Найти тему
Ретро-Исилькуль

Четыре благодарности Cталина

Оглавление

«На фронт с именем отца» - книгу с таким названием написал омский писатель Сергей Прокопьев, член Союза писателей России. Рассказы книги так или иначе касаются темы Великой Отечественной войны. Одним героям выпало защищать страну на передовой, другие в тылу работали и жили по законам военного времени, третьи оказались в оккупации. Прообразом Григория Петренко, героя одного из рассказов, стал наш земляк, участник Парада Победы 1945 года Григорий Калистратович Лукьяненко. О его судьбе рассказал писателю наш земляк и коллега С.Н. Прокопьева по перу, тоже член Союза писателей России Иван Григорьевич Лукьяненко, сын фронтовика. Рассказ «Четыре благодарности Сталина» был опубликован в сокращении в исилькульской газете "Знамя" 19 июня 2020 года.

Иван и Григорий Лукьяненко, июнь 1945 года.
Иван и Григорий Лукьяненко, июнь 1945 года.

Парад Победы сорок пятого

Эту идею подсказали Ивану Григорьевичу социальные сети. По ним прошёл призыв: так как шествие Бессмертного полка из-за эпидемии коронавируса отменяется, зажжём свечи памяти в честь отцов и дедов, отстоявших Родину в Великой Отечественной войне. Несколько лет Иван Григорьевич ходил Бессмертным полком с фотографией отца – Григория Калистратовича Петренко. Можно сказать, всего одна полноценная фотография отца военного времени и осталась. Но какая! На ней он с родным братом Иваном 25 июня 1945 года в Москве на фоне Спасской башни. 24 июня состоялся Парад Победы, на котором отец печатал победный шаг по брусчатке главной площади страны, а на следующий день братья прошлись по ней прогулочным шагом. Отец был в той же специально сшитой для участников парада форме, брат не так торжественно одет, в обычной гимнастёрке. Да какая разница! Оба живы, оба перемогли страшную войну. Последний раз виделись четыре года назад в родной деревне Березняки. И тот и другой несколько лет ходили под пулями. В конце мая был выстроен под Берлином полк, в котором служил Григорий Калистратович, командир вызвал из строя ефрейтора Петренко и объявил, что он единственный остался из всего полка, кто начинал воевать в нём в сорок втором году. Один единственный. Так что заслужил представлять полк на Параде Победы, едет в Москву, а вся дивизия отправляется на Дальний Восток.

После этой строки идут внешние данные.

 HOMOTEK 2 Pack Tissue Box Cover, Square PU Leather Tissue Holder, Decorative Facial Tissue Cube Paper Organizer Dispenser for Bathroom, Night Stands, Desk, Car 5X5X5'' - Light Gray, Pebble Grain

Иван Григорьевич смотрел на фотографию братьев, отцу сорок лет на ней, дяде Васе тридцать четыре, но оба для него сегодняшнего молодые. Оба давно умерли: дядя Ваня на десять лет раньше отца, а отец ровно тридцать лет назад. Восьмого мая Иван зашёл к нему в больницу. С час посидел, поговорили, Иван пообещал обязательно прийти на День Победы, уходя, в дверях обернулся, будто какая-то сила заставила сделать это. Позже, восстанавливая в памяти последнюю встречу, поймёт, в те мгновения отец прощался...

На фронт

Березники находились в двадцати пяти километрах от районного городка, весть о войне долетела в первый день. Григорий Петренко работал в колхозе на полуторке, призвали на фронт вместе с машиной. Был такой призыв в начале войны – водителей отправляли на фронт с машинами, армии нужна была техника в больших количествах. Военкомат решил по-своему: успеет Петренко на передовую, пусть пока молодые воюют. Придержали его, начали использовать в своих целях – доставлял на своей полуторке парней-призывников из дальних деревень.

– Первые полгода, – говорил Ивану, – воевал я в военкомате. Думал: Бог не хочет, чтобы я брал в руки оружие, но…

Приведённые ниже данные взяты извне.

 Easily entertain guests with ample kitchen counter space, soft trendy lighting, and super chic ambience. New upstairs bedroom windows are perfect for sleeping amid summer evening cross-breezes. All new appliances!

Был Григорий Калистратович баптистом. Березняки основали столыпинские переселенцы в начале XX века, выходцы из Екатеринославской губернии, баптисты. После революции подавляющее большинство мужчин отошли от веры. Григорий остался верен Богу.

Баптист не должен нарушать заповедь «не убий», даже если враг пришёл к тебе, не бери в руки оружие. Григорий для себя решил: должен идти воевать, а там как Бог даст. Власть от Бога, значит, должен защищать страну и её.

В начале 1942 года отправили Григория Калистратовича в действующую армию. Отец его, Калистрат Андреевич тяжело болел. С трудом поднялся с кровати, слабые ноги держали плохо, обнял сына, дал наказ:

– Григорий, служи, как положено, семью нашу не позорь, она в почёте всегда была и здесь, и на Украине.

Определили рядового Петренко в гаубичный полк, но не артиллеристом. Выполнял обязанности телефониста и корректировщика. Последний, как известно, в тылу не сидит. Он глаза артеллиристов. Один, когда вдвоём, Петренко пробирался впритык к вражеским окопам, скрытно наблюдал за позициями немцев, передавал координаты целей командиру взвода управления дивизиона, а когда начиналась стрельба, корректировал её.

Иван спрашивал отца:

– Папа, ты хоть одного немца убил?

– Знаешь, сын, я передавал координаты, а наши по ним жарили. Ох, жарили немца, не позавидуешь!

– А если бы один на один с фрицем столкнулся? У тебя автомат был?

– И с винтовкой ходил на задания, и с автоматом. Без личного оружия, какой ты боец.

– Стрелял бы на поражение, окажись вооружённый немец перед тобой? Ведь «не убий»?

– Сейчас трудно говорить, как поступил бы тогда. Одно скажу – по моим координатам жарили здорово!

Воевал Григорий Калистратович с Евангелием. Карманного формата, твёрдая, покрытая добротной искусственной кожей обложка. В части он не скрывал веры в Бога, приверженности баптизму. Притеснений, как на гражданке не было, никто не косился. Ни командиры, ни однополчане. Случалось, иронизировали по поводу частого чтения Евангелия, его Петренко раскрывал в каждую свободную минуту, но иронизировали чаще беззлобно. Смерть ходила рядом, на многое смотрели иначе.

Похоронка

История похоронки на Петренко надолго осталась в памяти деревни. И через двадцать лет вспоминали.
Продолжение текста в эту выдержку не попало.